** EXERCISE **
Print, exactly as they stand, the lines below from the one that has "instrument sub panel" to the one that has "74131704 Banff National", inclusive, leaving out the pictures.

(Data entries)
# # # # #

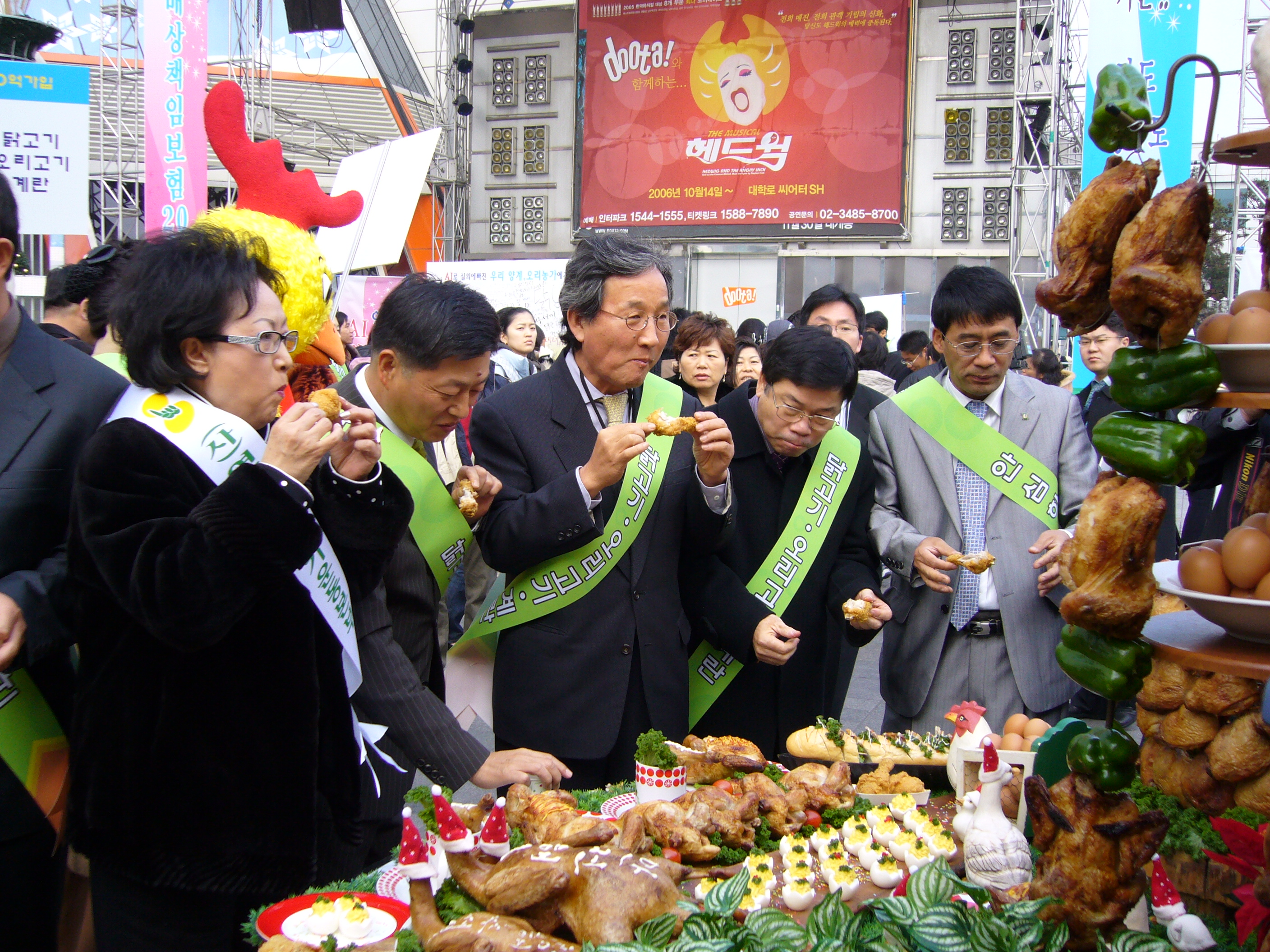 2006. 12. 12(화) 11:00 ~14:00 동대문 두타빌딩 앞 위) 농림부 축산경영과장(이상수) 등 오리고기 시식 아래) 오리협회 전무(김용진) 와 윤태농원(이창호)사장 시식
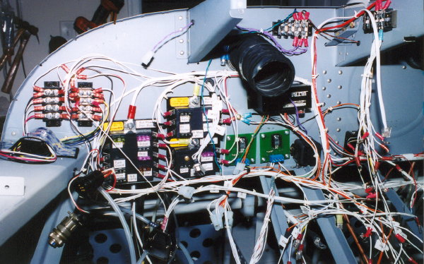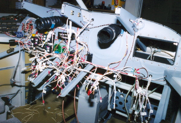 instrument sub panel bulkhead. Most of the wiring in this area is complete at this point.
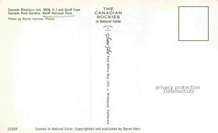 74131704 Banff National Park Alberta Canada Cascade Mountains and Banff from Cascade Rock Gardens postalisch nicht gelaufen Erhaltung siehe scans [FriedD77] KatCode: 14110
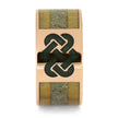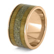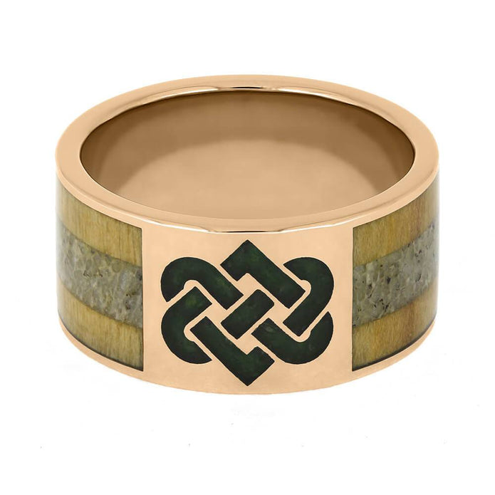 This one-of-a-kind ring features so many amazing elements, including a Celtic knot inlaid with crushed peridot. The band is inlaid with birch and antler. With its wide and masculine design, this men's wedding band is perfect for your groom who takes great pride in his heritage.
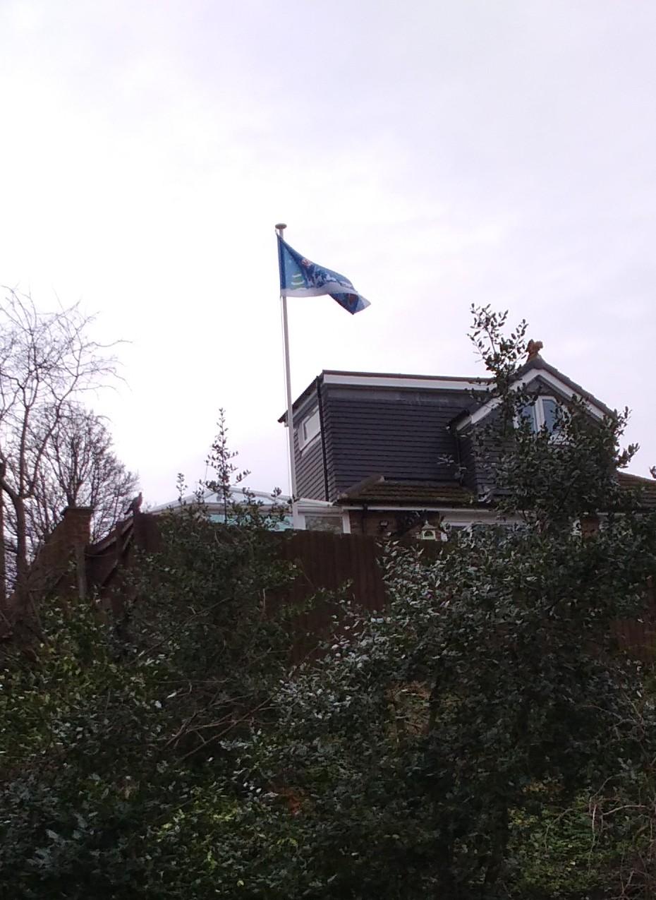 Looking out this morning, watching squirrels and moorhens on the opposite bank, I noticed the house opposite was flying a Christmas flag. Flags seem to be very popular these days and certainly lots of canal boats have them. Many are national, pirate is popular, but there are lots of regional ones we have seen on boats.. Black country flag, Lancashire, Worcestershire. But this one is seasonal.
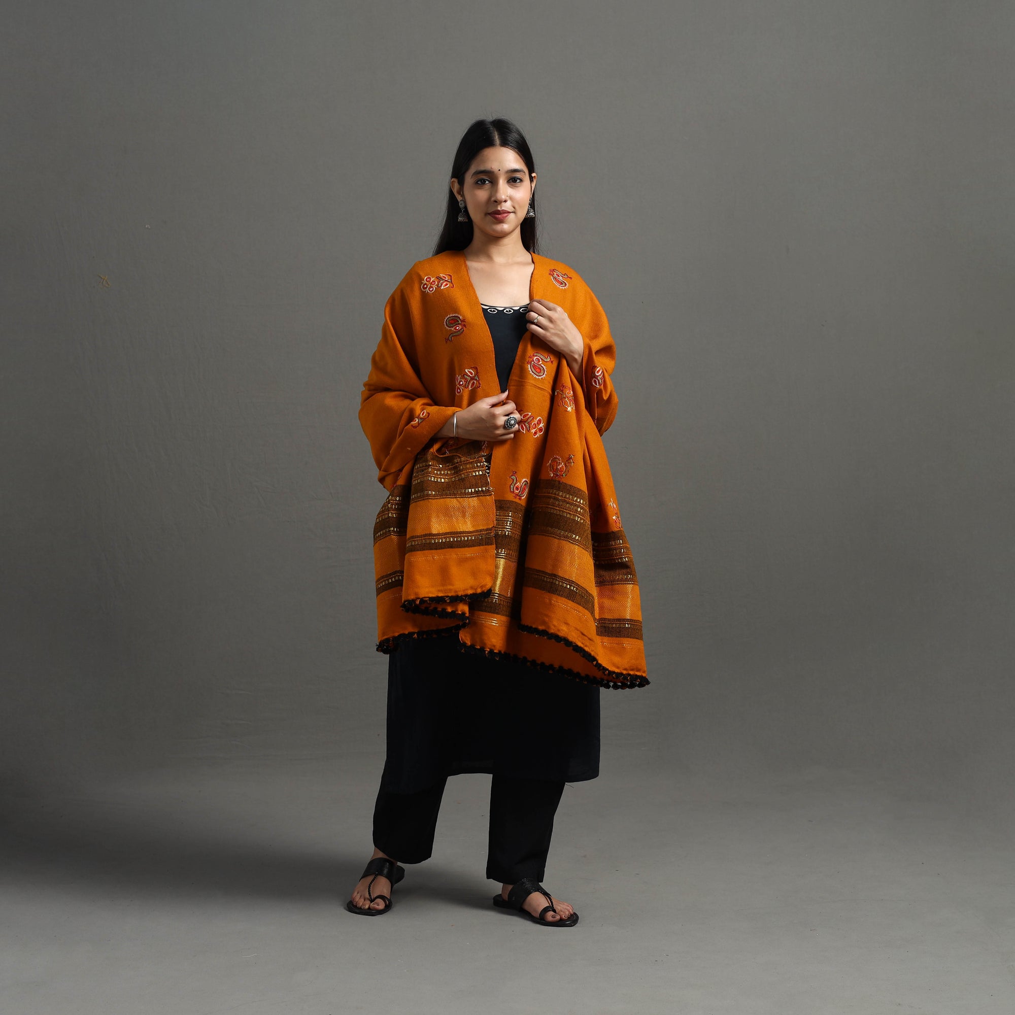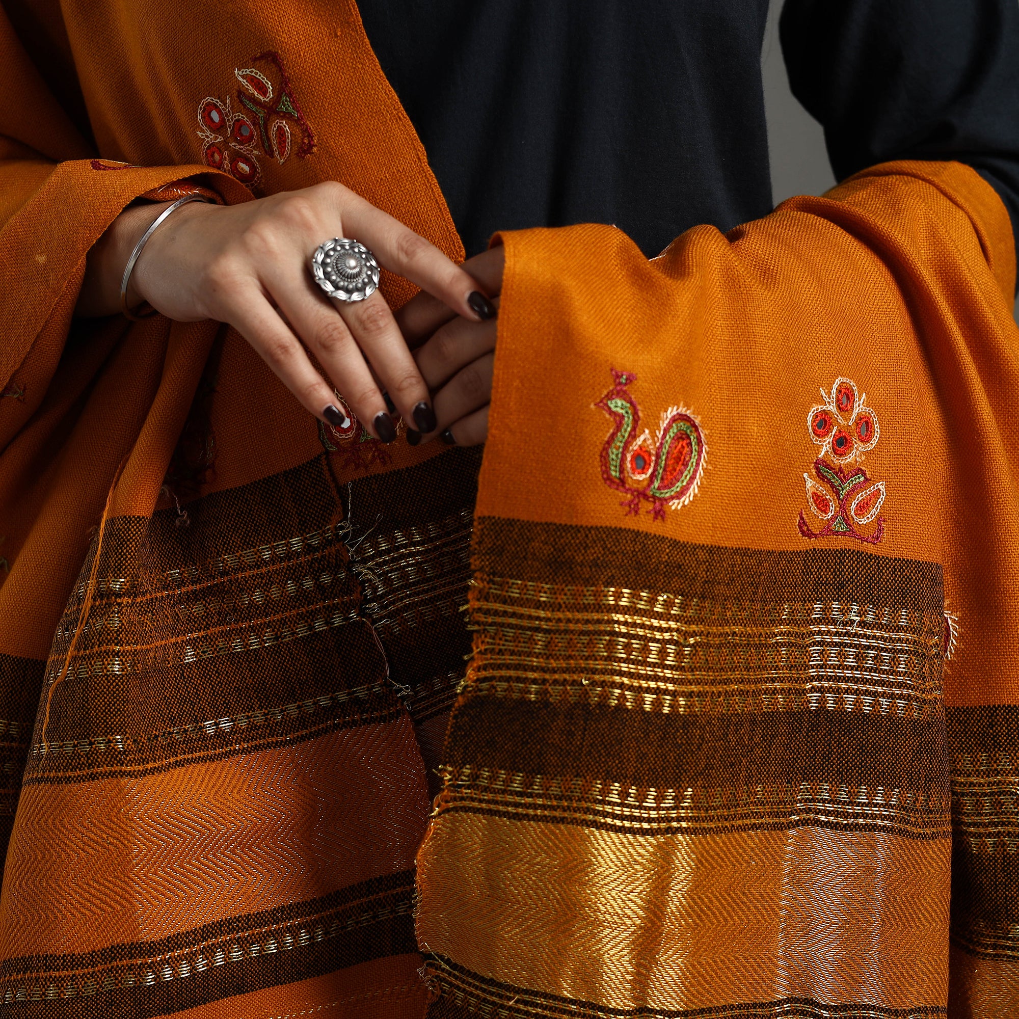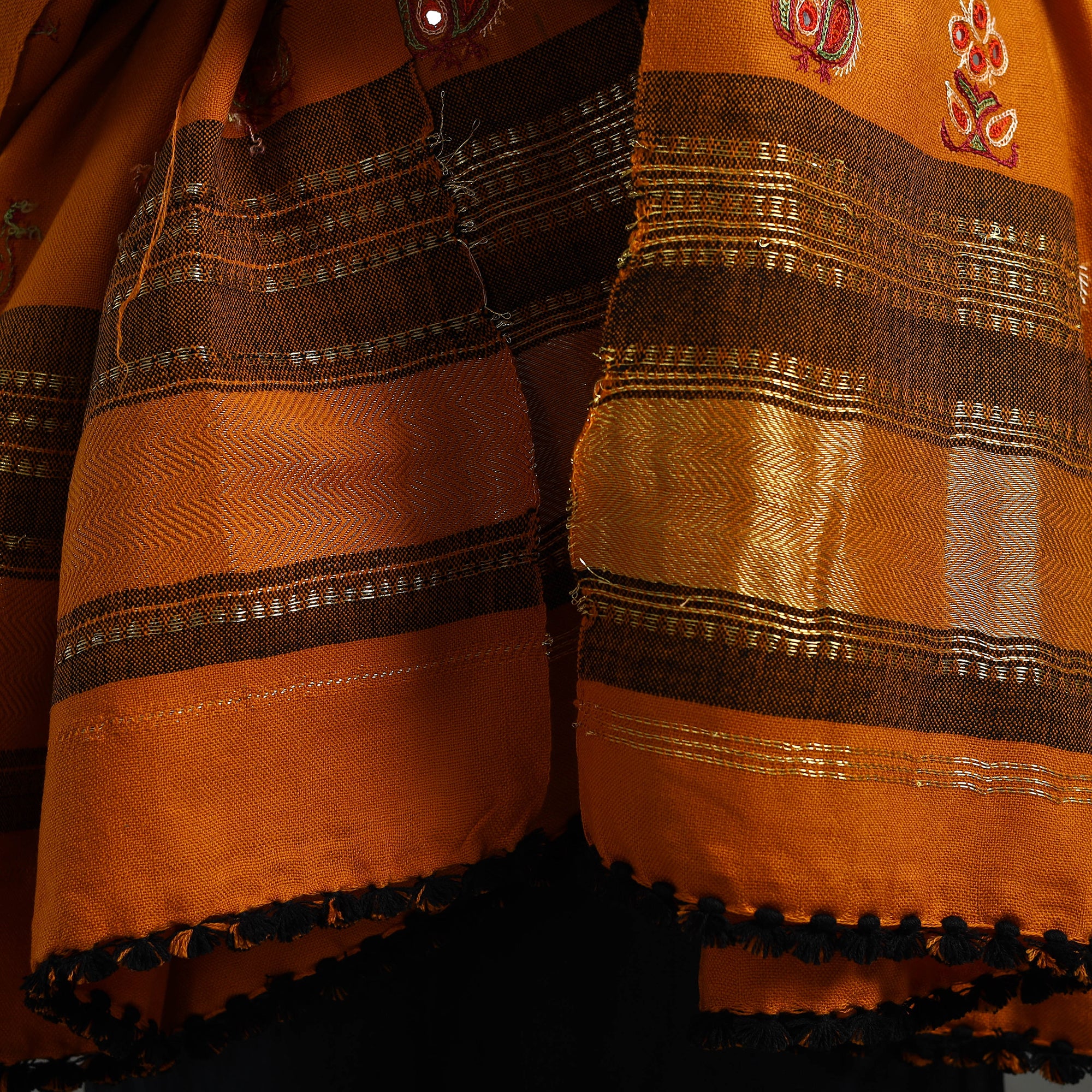 Allover orange kutch ahir hand embroidery woollen shawl. Crafted by artisans in Gujarat, this shawl features zari, mirror work and Kutchi weaving motifs. The acrylic wool ensures warmth and comfort

# # # # #

** EXERCISE ANSWER **
 instrument sub panel bulkhead. Most of the wiring in this area is complete at this point.
 74131704 Banff National Park Alberta Canada Cascade Mountains and Banff from Cascade Rock Gardens postalisch nicht gelaufen Erhaltung siehe scans [FriedD77] KatCode: 14110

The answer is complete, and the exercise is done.